Try it: From the line that contains "上記の反応より、ブロムヘキシンと過塩素酸は1:1で反応する。" to the end of the entries, copy each line exactly, though the pictures stay out.
######
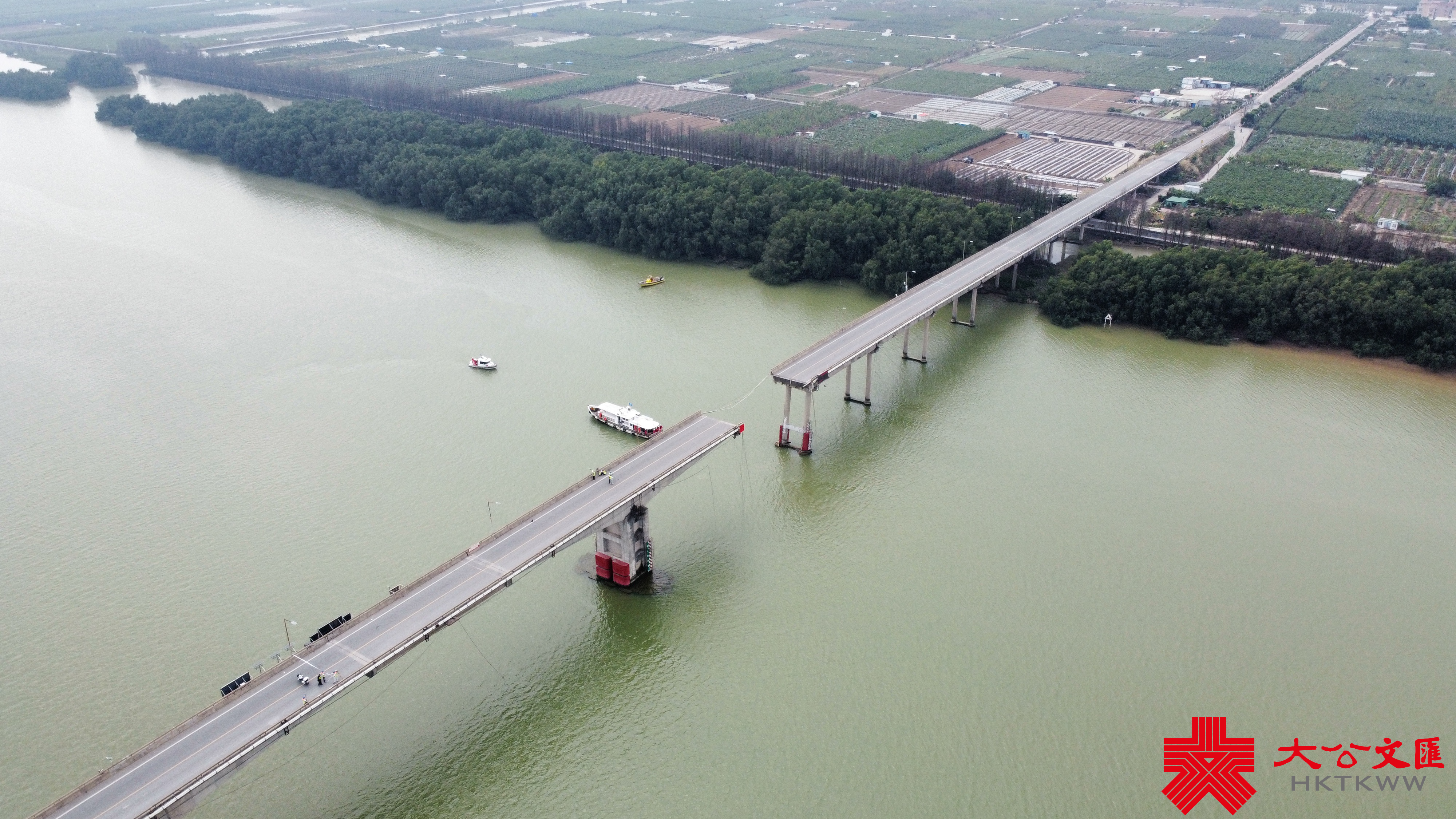 此外,記者還了解到,由於瀝心沙大橋是通往廣州南沙三民島的唯一陸上通道,事故造成橋上通往三民島的唯一供水管整體斷裂。記者從粵海水務了解到,目前三民島已緊急停水,鑒於橋面斷裂無法直接快速搶修接駁通水,需要另行鋪設供水管進行接駁,預計需要四至五天內才能完成施工並恢復正常供水。
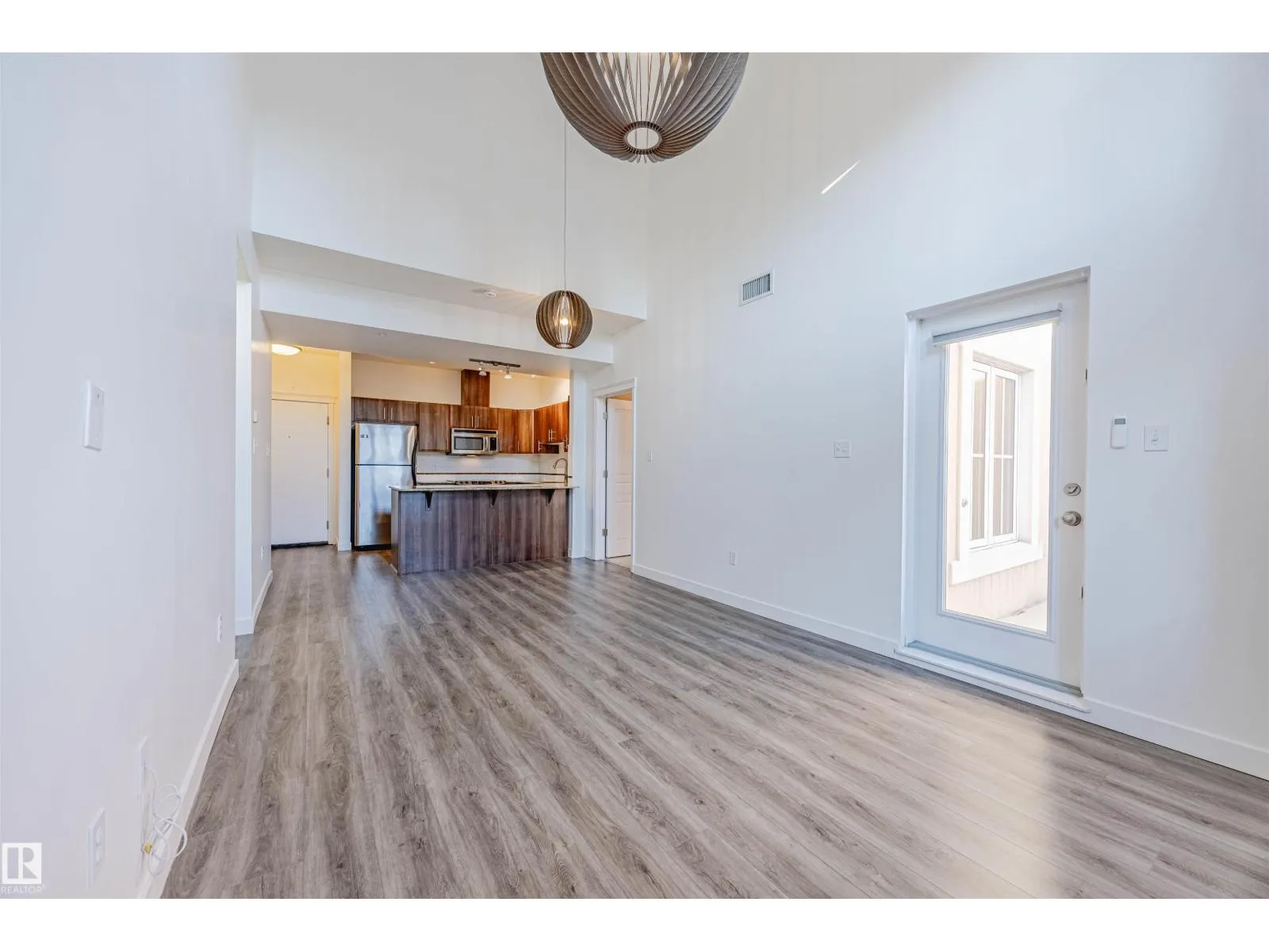 STUNNING TOP FLOOR 2 BDRM CONDO WITH SOARING 16' CEILING ALONG WITH TITLED UNDERGROUND PARKING. the main floor and modern WIDE PLANK vinyl flooring in the main living area. The u-shaped kitchen has subway back splash tile, GRANITE counter tops and STAINLESS appliances. The living room offers nice space and teh extra windows allows for the space to bathed in light and show off the gorgeous hanging light fixtures. Enjoy morning coffee from your balcony; with a natural gas hook-up, summer bbqâs will be epic. 2 bedrooms separated by the living space give privacy for a roommate, guest or home office, enjoy a full 4pc bath for the main area. Relax in the master bedroom with a view of the balcony and east downtown; the ensuite has CORIAN counters and a double wide shower. SITUATED STEPS FROM THE ICE DISTRICT THIS CONDO IS SURE TO IMPRESS! IMMEDIATE POSSESSION AVAILABLE! (id:27476)
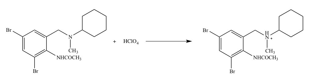 上記の反応より、ブロムヘキシンと過塩素酸は1:1で反応する。
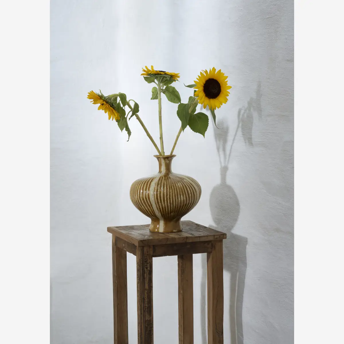 Materiał, z którego został wykonany, to trwała kamionka, wypalana w wysokiej temperaturze dla uzyskania maksymalnej wytrzymałości. Paleta barw oparta na nasyconej musztardzie i naturalnych odcieniach ziemi zyskuje na głębi dzięki procesowi szkliwienia – każde naczynie posiada unikalne nasycenie koloru, drobne nakropienia oraz subtelne różnice w przejściach tonalnych. Te drobne nieregularności podkreślają rzemieślniczy rodowód wazonu i czynią go przedmiotem o niepowtarzalnej duszy.
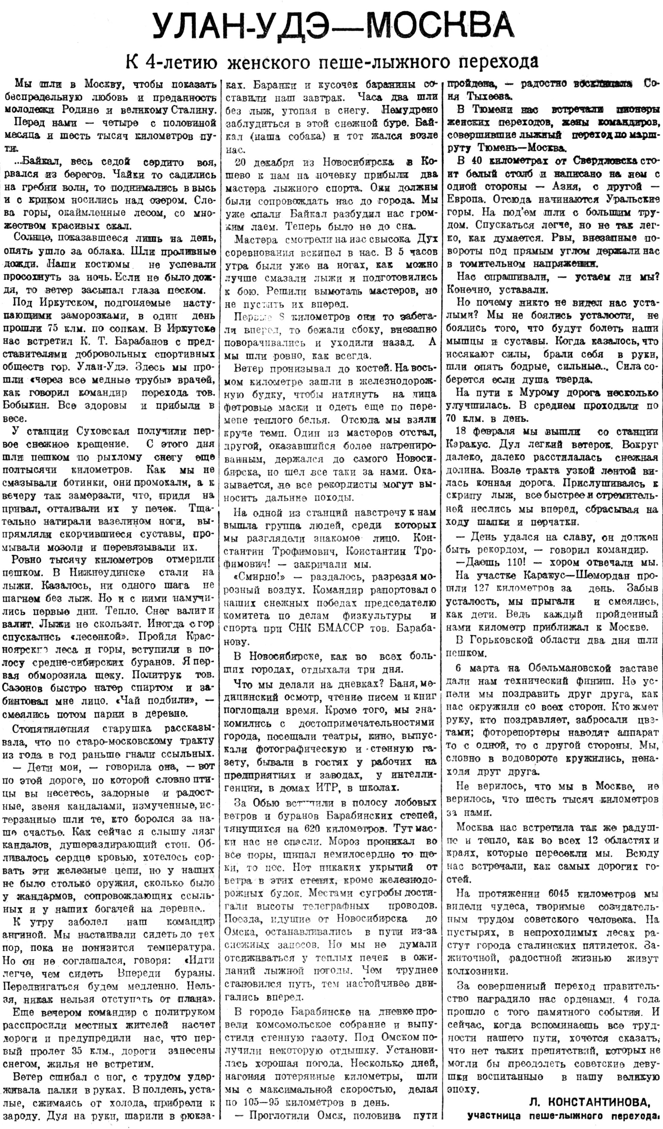А через полтора месяца, в канун нового 1936 года, оставшиеся девушки отправились в первый лыжный, тренировочный поход по маршруту Улан-Удэ - Кяхта - Улан-Удэ. Через десять дней, 10 января, улан-удэнцы торжественно встречали лыжниц. Пройдено ими было 560 километров.
######
Written reply:
 上記の反応より、ブロムヘキシンと過塩素酸は1:1で反応する。
 Materiał, z którego został wykonany, to trwała kamionka, wypalana w wysokiej temperaturze dla uzyskania maksymalnej wytrzymałości. Paleta barw oparta na nasyconej musztardzie i naturalnych odcieniach ziemi zyskuje na głębi dzięki procesowi szkliwienia – każde naczynie posiada unikalne nasycenie koloru, drobne nakropienia oraz subtelne różnice w przejściach tonalnych. Te drobne nieregularności podkreślają rzemieślniczy rodowód wazonu i czynią go przedmiotem o niepowtarzalnej duszy.
А через полтора месяца, в канун нового 1936 года, оставшиеся девушки отправились в первый лыжный, тренировочный поход по маршруту Улан-Удэ - Кяхта - Улан-Удэ. Через десять дней, 10 января, улан-удэнцы торжественно встречали лыжниц. Пройдено ими было 560 километров.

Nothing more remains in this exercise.